How is the performance of relevance feedback compared with that of
pseudo feedback, where we simply assume that the top 5 documents to
be relevant. Try to use only 2 relevant documents for relevance feedback
(by changing the parameter fbDocCount). How is the performance
compared with that of pseudo feedback?
- [5 points]
Pick any of the feedback runs, and examine the file query.update
which is a dump of the updated query model. The terms with a prefix of
"+" are the new terms introduced through feedback. Look at
a few topics. Are those new terms closely related to the topic?
Try a few different values of lambda in the parameter file (i.e. noise parameter in the mixture model).
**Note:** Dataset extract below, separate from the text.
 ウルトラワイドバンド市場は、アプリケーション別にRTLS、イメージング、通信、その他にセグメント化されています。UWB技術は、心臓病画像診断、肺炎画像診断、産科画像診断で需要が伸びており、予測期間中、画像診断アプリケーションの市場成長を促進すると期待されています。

How does it affect the nature of new terms
introduced to the query model?
- [10 points]
There are at least four parameters that may need to be tuned for
pseudo feedback: (1) the interpolation parameter alpha;
(2) the noise parameter lambda; (3) the number of top
documents to use; (4) the Dirichlet prior smoothing parameter.
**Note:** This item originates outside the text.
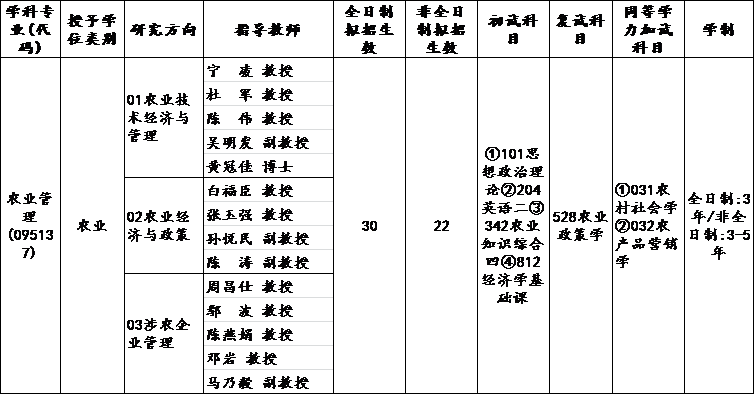 (二)农业硕士(专业学位硕士)-农业管理领域(095137)

Pick at least one of the parameters, try
out a few different values, plot how the retrieval performance
(as measured by both precision at 20 documents and the average
precision) varies according to the parameter(s) that you chose.
Try to provide an explanation for any pattern that you observe.
What to turn in
A. Please turn in a hardcopy of your written answers at the class.
B. Please pack all the following files into one single zip file or tar file, name it as "assign3-YourNetID", then email
the package to "maryamcs410 AT gmail DOT com".
- Your complete code (i.e.,FBEval.cpp).
- Three retrieval results (i.e., ranked list of document IDs with scores)
as generated by "FBEval.cpp" when using
init_ret_param, pseudo_fb_param, and rel_fb_param,
respectively.